Headquartered in Kintore, Aberdeenshire, STATS Group is a pioneer of fail-safe double block and bleed isolation of pipelines using its patented BISEP™ technology. The equipment provides leak-tight isolation, increases safety over traditional line-stop technology and does not require additional hot-tap vents or bleed ports. The BISEP™ contains dual-energized seals and the annulus zero-energy zone proves and monitors the seal integrity before and during intervention work.

All equipment used on the project was designed, manufactured, assembled and tested at STATS Group’s facility in Houston.

While the pipeline operated under normal conditions, the site contractor excavated the pipeline and welded on split tee fittings, based on qualified and approved in-service welding procedures. Two 30-inch fittings provided access for the equipment, enabling mid-line isolation, while two additional 24-inch fittings allowed production to continue around the isolated section through a bypass line.

High-pressure slab valves supplied by STATS were installed on each fitting, and its technicians subsequently leak-tested and hot-tapped the pipeline at each location, successfully breaking containment and retrieving the pipeline coupons.

The 24-inch bypass line was then installed, purged and leak-tested, allowing the slab valves to be opened and flow to pass into the bypass line. The BISEPs™ were installed onto the 30-inch fittings, while the upstream double block and bleed isolation tools were deployed into the flowing pipeline.

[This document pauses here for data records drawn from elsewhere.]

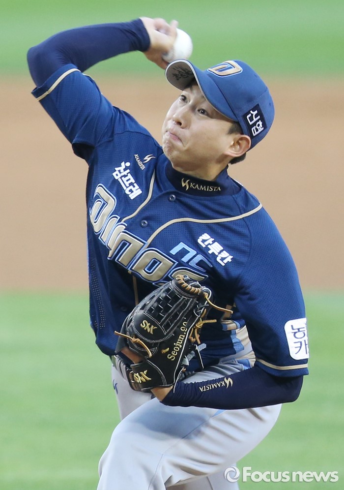 (서울=포커스뉴스) 30일 서울 잠실구장에서 열린 2016 프로야구 NC-두산 경기에서 1회말 NC 선발투수 임서준이 투구하고 있다.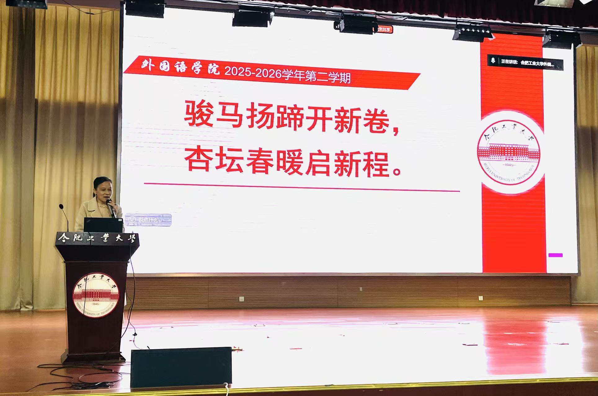 会上,院长兼党委副书记唐军教授代表学院作了题为《骏马扬蹄开心卷,杏坛春暖启新程》的工作报告。她从“既往工作”“核心业绩”“考核指标”“年终绩效”“定位规划”“年度工作”六个维度,系统梳理和全面总结了过去一学期学院在党建与思想政治工作、人才培养质量提升、教学科研创新、学科与专业建设深化、师资队伍优化、学生工作及校友工作推进等方面取得的显著成绩。她强调,学院将紧密对接国家战略需求与学校发展大局,科学谋划“十五五”发展规划,持续深化“语契学术、语融科技、语传中国”的特色外语教学改革,着力构建科技教育深度融入的文科专业课程体系,为学校理工科特色人才培养体系贡献外语力量。此外,她还就打造“工业报国精神+学院文化”育人共同体、加强人才梯队建设、培育标志性教科研成果等重点工作进行了专项布置。她勉励全体教职工丙午腾骧开视野,文心交融启新篇。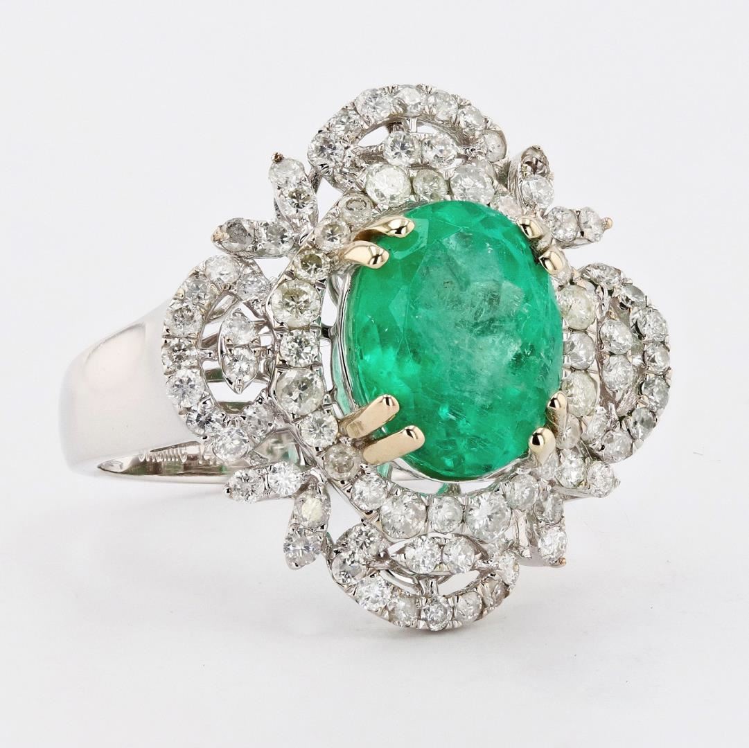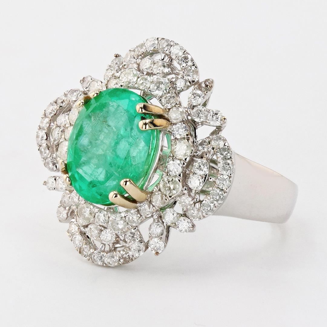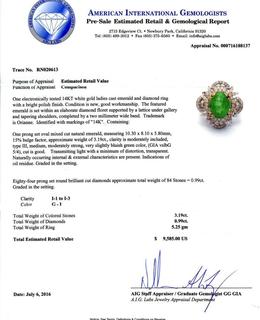 One electronically tested 14KT white gold ladies cast emerald and diamond ring with a bright polish finish. Condition is new, good workmanship. The featured emerald is set within an elaborate diamond floret supported by a lattice under gallery and tapering shoulders, completed by a two millimeter wide band. Trademark is Orianne. Identified with markings of "14K". Containing: One prong set oval mixed cut natural emerald, measuring 10.30 x 8.10 x 5.80mm, 15% bulge factor, approximate weight of 3.19ct., clarity is moderately included, type III, medium, moderately strong, very slightly bluish green color, (GIA vslbG 5/4), cut is good. Transmitting light with a minimum of distortion, transparent. Naturally occurring internal & external characteristics are present. Indications of oil residue. Graded in the setting. Eighty-four prong set round brilliant cut diamonds approximate total weight of 84 Stones = 0.99ctw. Graded in the setting. Clarity I1 to I3 Color G - I Total Weight of Colored Stones 3.19ct. Total Weight of Diamonds 0.99ctw. Total Weight of Ring 5.25 gm

The downstream tool was then installed and set in the pipeline, creating a mid-line isolation and diverting the flow through the 24-inch bypass line. The section of pipeline between the tools was vented in a controlled manner to a safe location, allowing the seals to be tested and verified.

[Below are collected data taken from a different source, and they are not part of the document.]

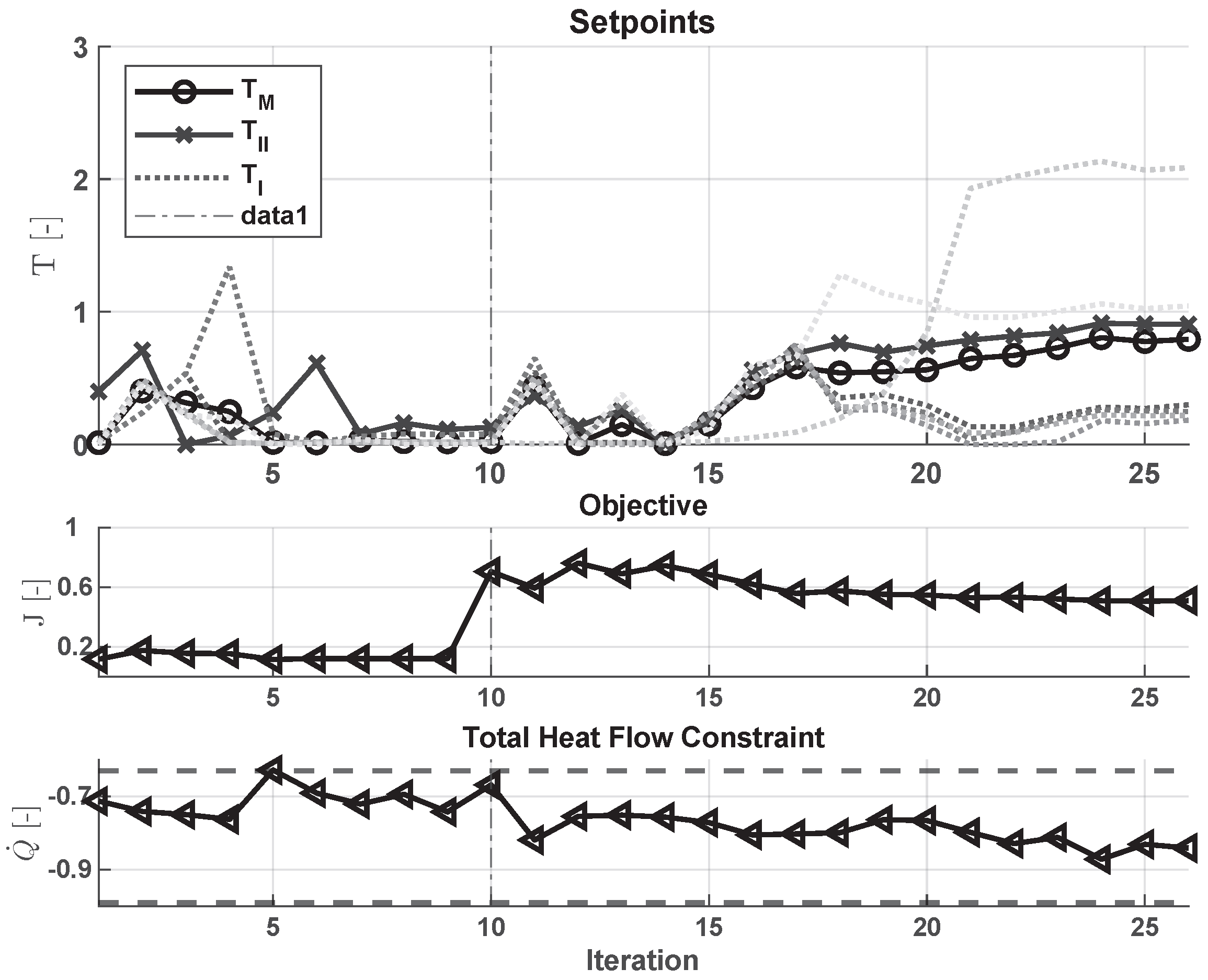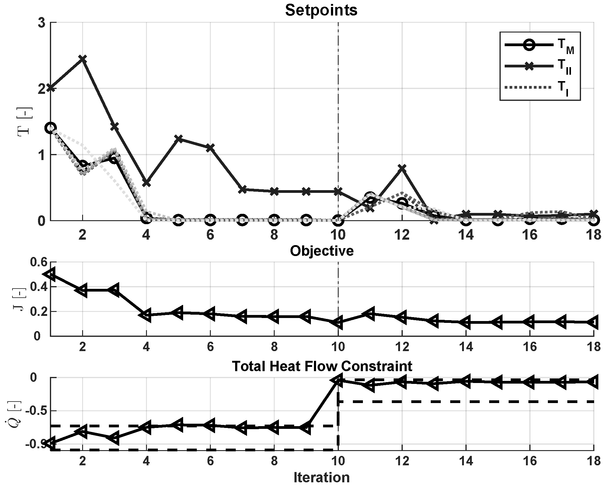 Section 4. Two different scenarios are investigated. In the first scenario, the RTO algorithm is started from a standard operating point of the plant to find optimal operation conditions that minimize the fouling in the heat exchangers. After the algorithm has converged, the total load of the plant is changed, which acts as a known disturbance. In the second trial, the algorithm is started from a different operating point and the process is disturbed after convergence by a change in the heat transfer coefficients of a subset of the heat exchangers, which represents an unmeasured change in the behaviour of the plant. In between the two experiments, the OTS was updated by Covestro in the course of regular maintenance, which leads to small differences in the initial steps of the algorithms. In all experiments, the same formulation of the optimization problem ((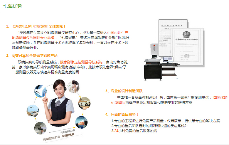 七海測量技術(深圳)有限公司的前身美國“七海光電”成立于1990年,位于紐約市,1999年在東莞設立影像測量儀研發中心,成為*家進入中國內地生產影像測量儀的國際專業品牌, “七海光電”曾多次獲得政府相關部門的科技與創新獎勵,并在影像測量技術方面取得了多項專利,一直以來在技術上領跑影像測量行業。其產品已廣泛應用在通信、電子、汽車、塑膠,機械加工等行業,并且能夠根據用戶的特定需求,快速提供用戶定制化的產品和解決方案,成為中國領先的影像測量機供應商之一,不斷帶領中國影像測量行業屢創新高。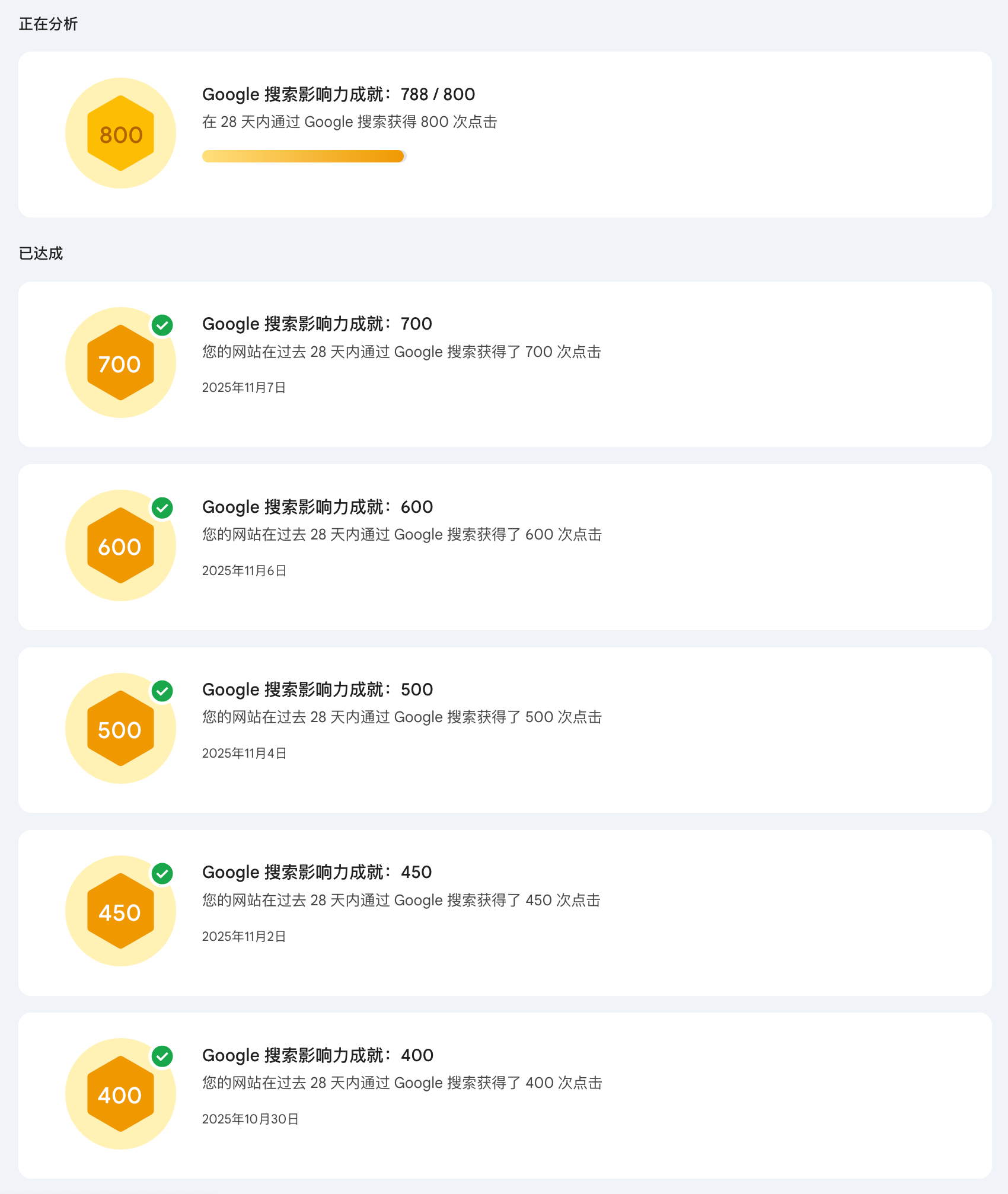 cc1 28 天 679 次点击:cc1 28 天内通过 Google 搜索获得了 679 次点击(阶段性目标为 700 次点击)。从 450 到 679,离 700 只差一步。SEO 的复利效应开始显现,开心!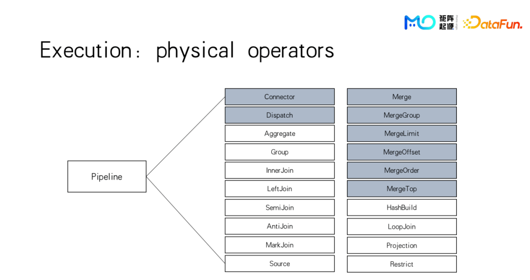 如上图,我们的pipeline提供了这些算子,比较典型的有聚合、分组和各种join操作。这里把merge和connector、dispatch的颜色标识成不一样,因为它们和其它operator的区别是其它算子都是只能在一个pipeline的中间,接受的数据是从上一个算子传过来,发送的数据就直接发送给下一个算子去做后续的计算。而标成灰色的这一部分是在一个pipeline的数据的source或者sink,即入口或者出口的地方,比如merge它会去其他的pipeline去接收数据,把所有pipeline的数据合并成一个,返回给用户。同理group by或者order by算子,也会执行merge操作。

Both primary and secondary seals were pressure-tested with full pipeline pressure in the correct direction, and the annulus between the seals was vented to ambient. After secondary and primary seal tests, the isolation certificate was issued. The BISEP™ annulus provided a zero-energy zone between the seals which is monitored for the duration of the isolation.

“Hot tapping and isolating liquid and gas pipelines has a long and successful track record globally; however, this is the first time the isolation of high-pressure CO-2 pipelines has been attempted due to a number of challenges, which we overcame,” said Steve Rawlinson, STATS Group vice president Americas.

The formation of solid CO-2 in the BISEP™, in addition to the ductility issues associated with its low temperature (less than -57°C), would be a problem due to the possibility of interrupting the integrated pressure communication connections used to monitor the seal annulus and performance of the tool.

The problems associated with venting liquid CO-2 to atmospheric pressure apply equally to any unintended leaks of CO-2; for example, a small leak of liquid CO-2 across the primary seal would cause temperature reduction which could further affect the integrity of the elastomeric seal and the steel components which support it. These problems were dealt with by management of CO-2 pressure. The blowdown speed of the isolated section of pipe could be controlled such that the temperature remained above design limits of the seal and the steel selection.

With maintenance work completed and the isolation no longer required, pressure was equalized between the BISEPs™ and the tools were hydraulically unset and recovered into the launchers and the slab valves closed.

STATS said it has carried out isolations at four sites along the CO-2 pipeline operating at about 2,000 psi and has completed in excess of 160 days of individual BISEP isolation. This has been accomplished while avoiding system downtime during critical maintenance activities. Throughout the isolations there has been no degradation of the seals or leaks past the primary barrier, allowing the critical launcher and receiver upgrades to occur safely and without any uncontrolled release of pipeline product.

Isolating pipelines for maintenance activities or emergencies is a high-risk but necessary activity for pipeline operators of low- and high-pressure liquid, gas and petrochemical pipeline systems. Loss of control of hazardous energy into a work site is a serious and potentially fatal event.